Hi, My memory of GPU only has 12GB, and it may fall far short of the memory required for a 100K spot for a stereo-seq chip. I tried CPU mode by setting
os.environ["THEANO_FLAGS"] = 'device=cpu,floatX=float32,openmp=True,force_device=True'
it doesn't work, still use GPU.
or tried setting "use_gpu=False":
mod.train(max_epochs=30000,
# train using full data (batch_size=None)
batch_size=None,
# use all data points in training because
# we need to estimate cell abundance at all locations
train_size=1,
use_gpu=False
)
an error raised:
Trainer.__init__() got an unexpected keyword argument 'use_gpu'
What can I try if I want to use cell2location (1.2.0)? Thanks!
Cell2location doesn't use theano and your code suggest that you are using the older version that did (2019). I would recommend using the latest version.
mod.train(
...
device='cpu'
)
Thank you!
I would recommend to get access to GPUs with more memory (eg on various cloud platforms) because training on CPU is much slower and also more expensive because you need a lot of CPU resources for a very long time.
@vitkl Hi, when I train model with batch_size=None (full data input), it throw out error like: OutOfMemoryError: CUDA out of memory. Tried to allocate 9.88 GiB. GPU 0 has a total capacity of 15.70 GiB of which 5.52 GiB is free. Including non-PyTorch memory, this process has 10.17 GiB memory in use. Of the allocated memory 9.89 GiB is allocated by PyTorch, and 8.49 MiB is reserved by PyTorch but unallocated. If reserved but unallocated memory is large try setting PYTORCH_CUDA_ALLOC_CONF=expandable_segments:True to avoid fragmentation.
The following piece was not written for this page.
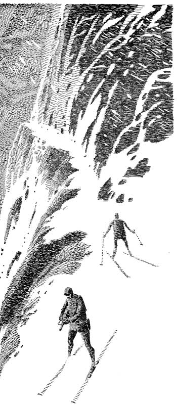 Troy and Alec pushed diagonally up the snow slope, pausing every few minutes to take new directional readings. The needles were now at right angles to them and reading well into the "hot" red division of the intensity meter. They still were ten feet below the crest and a cornice of snow hung out in a slight roof ahead of them. Both men had closed the face hatches of their insulated helmets and tiny circulators automatically went to work drawing off moisture and condensation from the treated plastic.
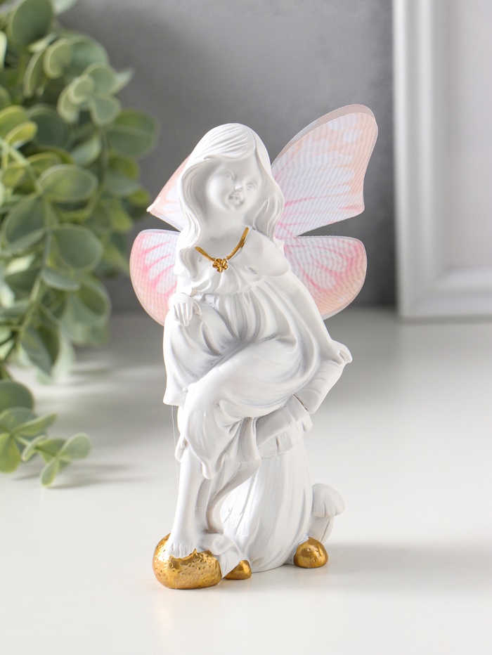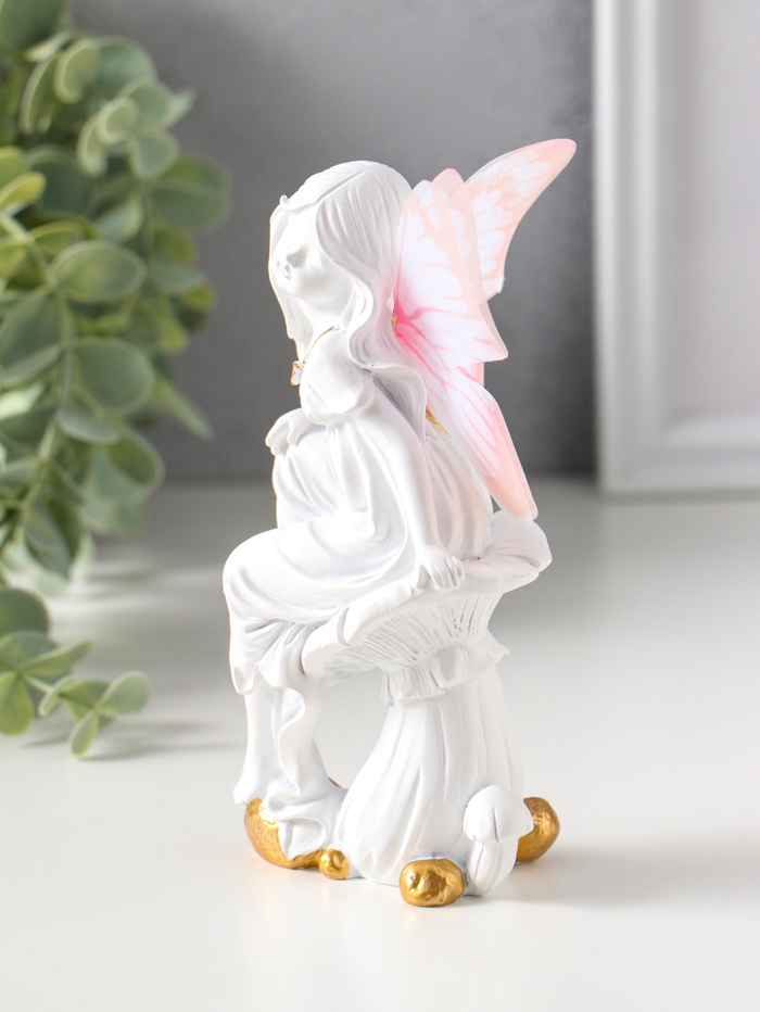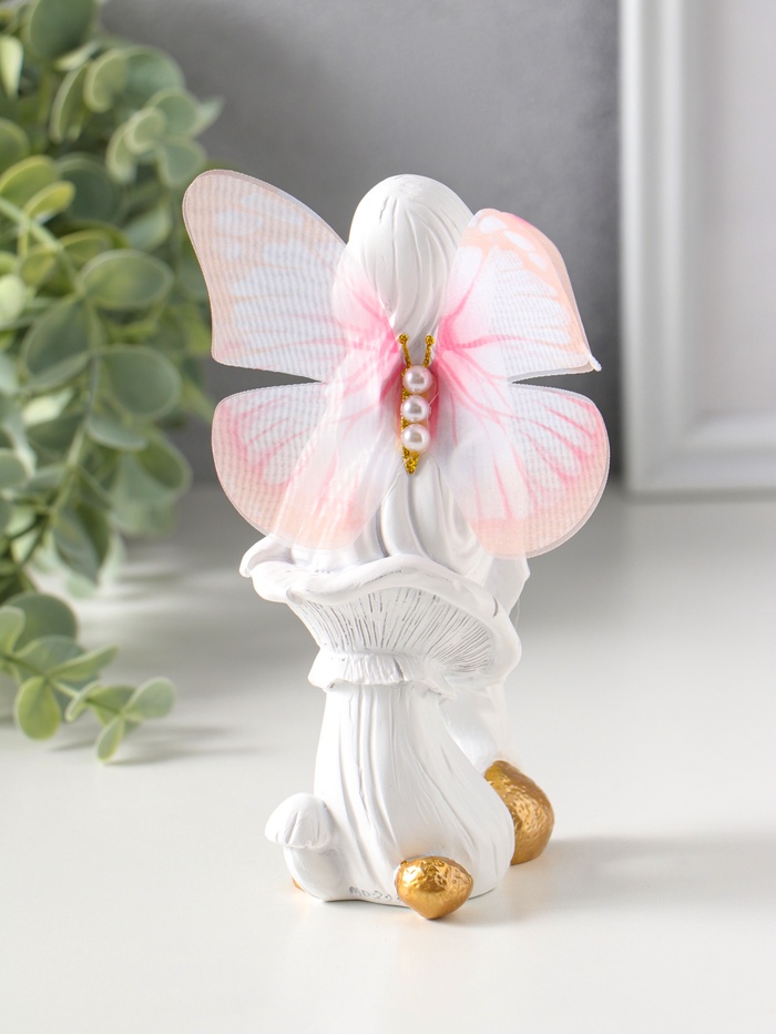 Сувенир полистоун "Девочка-бабочка на грибочке" белый 5,5х7х14,5 см

See documentation for Memory Management (https://pytorch.org/docs/stable/notes/cuda.html#environment-variables)
but when I set batch_size=10000, it can run without error, _I wonder if the change of batchsize could influence the final result? mod.train(max_epochs=30000,
batch_size=10000,
# use all data points in training because
# we need to estimate cell abundance at all locations
train_size=1
)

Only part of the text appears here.